«Страх Любовь Отчаяние». По пьесам Б. Брехта. Малый драматический театр — Театр Европы.
Сценическая композиция и постановка Льва Додина, художник Александр Боровский

Рубинштейна нынче — улица ресторанов. И красивейшая витрина бара с солидным буржуазным фронтоном и частично разбитыми стеклами, что свидетельствует о неблагополучии страны (пьеса Брехта «Страх и отчаяние в Третьей империи», перемешанная в спектакле Л. Додина с «Разговорами беженцев», имеет и другое название — «Страх и нищета…»), поставлена Александром Боровским не просто так. Она напоминает не столько фасады солидных немецких пивных, сколько бывших «Детей райка» (ныне «Рубинштейн») или какой-нибудь Бекицер с израильским стрит-фудом, в пространстве которого еще вчера прекрасно выглядела бы, например, Юдифь (И. Тычинина), уезжающая сегодня из страны… Дождь. Зонтики. Это наш город. Внутри, в глубине — барная стойка, джаз, непрекращающаяся жизнь, кино — то ли «Бал», то ли «Кабаре», но приглушеннее, прозаичнее, тише. На авансцене — столики, точно такие же, за которыми на реальной улице Рубинштейна, ввиду пришедшего тепла, сидят, попивая пиво, юристы из конторы тут же (или они пришли из эпизода «Правосудие»?) и супружеские пары, похожие на мужа и жену Фурке (С. Власов, Н. Акимова), героев «Шпиона»…

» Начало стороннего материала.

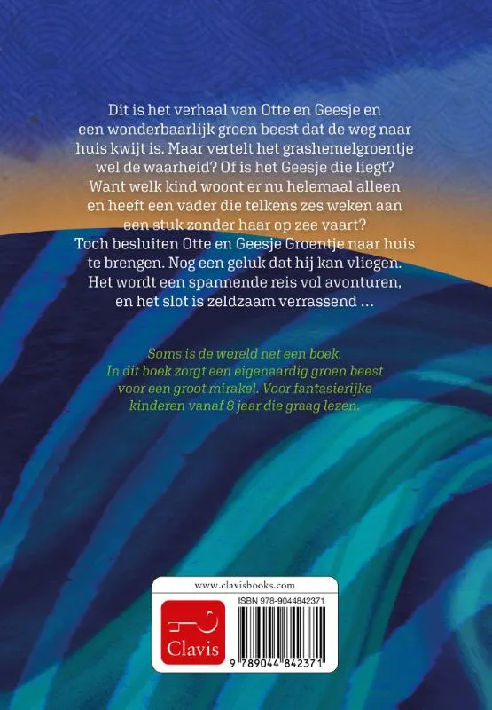 Dit is het verhaal van Otte en Geesje en een wonderbaarlijk groen beest dat de weg naar huis kwijt is. Maar vertelt het grashemelgroentje wel de waarheid? Of is het Geesje die liegt? Want welk kind woont er nu helemaal alleen en heeft een vader die telkens zes weken aan een stuk zonder haar op zee vaart? Toch besluiten Otte en Geesje Groentje naar huis te brengen. Nog een geluk dat hij kan vliegen. Het wordt een spannende reis vol avonturen, en het slot is zeldzaam verrassend…

Додин ставит Брехта впервые. Но нынче-то точно время Брехта. И это верный признак социального неблагополучия. Театру обычно нет дела до «Трехгрошовки», если не процветают бандитизм и коррупция, ему совершенно не нужна «Мамаша Кураж», если нет близкой войны. И ни к чему «Страх и отчаяние», если не крепнет тоталитаризм. Бывает, что в диетические исторические периоды какая-нибудь театральная «швейцария» поищет в Брехте лирика (когда-то так было в «Трехгрошовке» у С. Спивака) или использует его как изумительно удобный станок для оттачивания стилистического мастерства (так было в Таллиннском Городском театре и в СамАрте у А. Шапиро), но все же Брехт у нас традиционно не по этой части.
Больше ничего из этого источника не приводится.